# A House With No Trim



## SlimPickins (Aug 10, 2010)

I've been asked to place a bid on a house with no trim. I swear, this builder only comes up with jobs designed to circumvent the normal drywall process.

I'd like to hear from anyone who has done this before I start throwing numbers around. I have some ideas on how to achieve this while giving a solid product and maintaining a sleek modern design but it's so true that we don't know how much we don't know.....

Thoughts, gentlemen?


----------



## PrecisionTaping (Feb 2, 2012)

The words Trim-Tex come to mind. :yes:


----------



## fenez (Nov 30, 2009)

The hardest part of that is the bottom of the walls, the reveal is only about a half to 3/4", it's a major pain in the ass being bent over for hours on end. I did one where they installed a piece of stainless flat stock around the bottom which was about 5", then started the bottom of the wall from there up it was better because you weren't constantly having to toss your mud out from picking up all the dust and crap from the floor.


----------



## bmitch (Dec 10, 2011)

i've had some experiance with this slim.i did a designers home 5yrs.ago ,used approx. 1500 ft of 5\8 trim tex reveil.in floor heat,ground, polished, cement floor finish .1 room was 60x80 with reclaimed post and beam sructure assembled independently away from exterior walls but handled the beamed roof structure.about 26 windows 8'x9' that run right from the floor.continueous run of reveil through out.i think i charged 1.50 ft. for the reveil.the home was around 3000sq. ft. the hole home got the same finish.it was a really good clean finish.no window treatment in this home ,was right in the middle of the bush.very cool house.


----------



## chris (Apr 13, 2011)

get a creeper and shop vac and maybe bust out the rotary


----------



## Perkcon (Nov 25, 2012)

Sounds like great way to try out the trim-tex super seal bead at the windows. Just used some on a store front, good suff. How do they plan to terminate the drywall at the floor? Sounds like a sore back to me.


----------



## VANMAN (Jan 14, 2011)

PrecisionTaping said:


> The words Trim-Tex come to mind. :yes:


Yae PT the stuff u rip the last bit of after u finish would b the stuff for the job!!!
Sorry canna mine its name!:blink:


----------



## SlimPickins (Aug 10, 2010)

Thank for the responses fellas.

I've been looking at the Trim-Tex catalog, and I'm quite familiar with their products. Zip-Strip is a common occurrence on my jobs, but I'm not all that fond with how far it sticks off the wall...it's a lot more work when going after a smooth finish. I looked at the Fly Reglet reveals, and the Gordon Interior reveals as well. There's talk of a 3/4" trim detail instead of baseboard, which COULD work, if the ceiling heights are perfectly dialed in. I've toyed with the idea of ripping sheets in half to avoid the recess at the floor level to save hours of floor-time filling in the bevel, but then that makes for a house full of 2' and 6' joints (Ugh). 

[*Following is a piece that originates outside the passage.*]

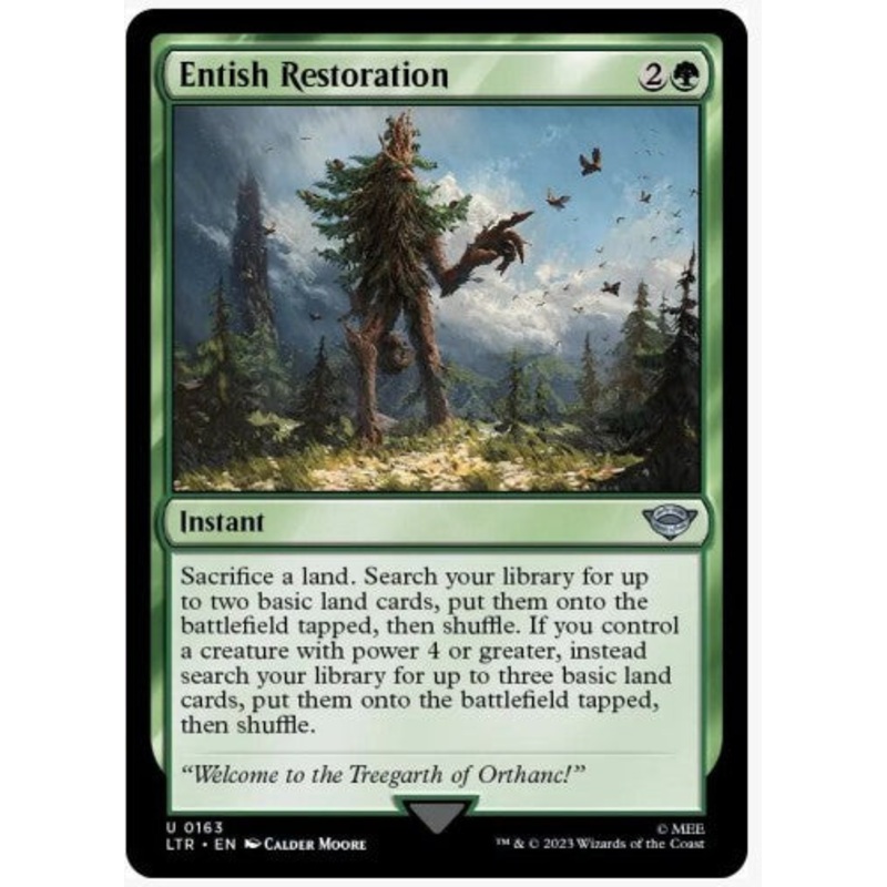 Sacrifice a land. Search your library for up to two basic land cards, put them onto the battlefield tapped, then shuffle. If you control a creature with power 4 or greater, instead search your library for up to three basic land cards, put them onto the battlefield tapped, then shuffle.

Bernie, thanks for throwing a number in there, it makes for a good starting point and a frame of reference. 

I'm going to make sure my ass is covered on this one.....unfortunately I lost the last bid for this builder because my price was too high. However, if he's interested in Cheap, he can find someone else to do it. I really like the guy, and his projects are always interesting and I cut him a deal if my price is disgustingly high and and I'm able to do it for less. 

People are funny.

Edit: This would probably be a great application for that shower bead:thumbsup:


----------



## br549 (Jun 2, 2012)

SlimPickins said:


> I've toyed with the idea of ripping sheets in half to avoid the recess at the floor level to save hours of floor-time filling in the bevel, but then that makes for a house full of 2' and 6' joints (Ugh).


Rather than have (dammit 2buck, every time I type either "have" or "half" I double check it now ) to go around and fill in the bottom bevel, I'd either

1. Swerve into a telephone pole on the way to the job.

2. Measure up your linear footage around the walls and cut your bottom bevels off (3"). Stack em and circular saw em. Cut the same footage in 3/8" board, in 3" strips (just scrap the bevels). Hang the lid, hang the top sheet on the wall, hang the 3" strip of 3/8" in the middle, hang the bottom. It's 8" wide now and you have an extra seam in it to tape, but it's only one flat down the middle. 

Or you could use a Rockripper square. It could be done with a tape and blade but the rockripper cuts it dead perfect every time. Every board in the house will be dead on just like the saw, only slower and a hell of a lot less dust :lol:

That _is_ a lot of sh!ttin around though. Hope you find something easier. :yes: Which would be probably anything anybody else suggests.


----------



## SlimPickins (Aug 10, 2010)

br549 said:


> Rather than have (dammit 2buck, every time I type either "have" or "half" I double check it now ) to go around and fill in the bottom bevel, I'd either
> 
> 1. Swerve into a telephone pole on the way to the job.
> 
> ...


I suppose I could also order 54" sheets upstairs (8' lids) for the bottom sheet and just rip the bottom off, but that's a pile of board flipping

It looks like anyway you slice it it's going to suck.


----------



## gazman (Apr 29, 2011)

I am not sure if you guys get it over there but we can get rock with one square edge and a rebate on the other, so if available it would make life easier. http://www.gyprock.com.au/our-products/products/plasterboard/gyprock™-rese-plasterboard.aspx

For door ways you could use Ezy jambs. http://www.ezyjamb.com.au/

And to wrap the windows Ezy reveals. http://www.ezyjamb.com.au/ezyreveal.html


----------



## moore (Dec 2, 2010)

SlimPickins said:


> I've been asked to place a bid on a house with no trim. I swear, this builder only comes up with jobs designed to circumvent the normal drywall process.
> 
> I'd like to hear from anyone who has done this before I start throwing numbers around. I have some ideas on how to achieve this while giving a solid product and maintaining a sleek modern design but it's so true that we don't know how much we don't know.....
> 
> Thoughts, gentlemen?


 :blink: why? Is this for looks? Or just to save $ on base?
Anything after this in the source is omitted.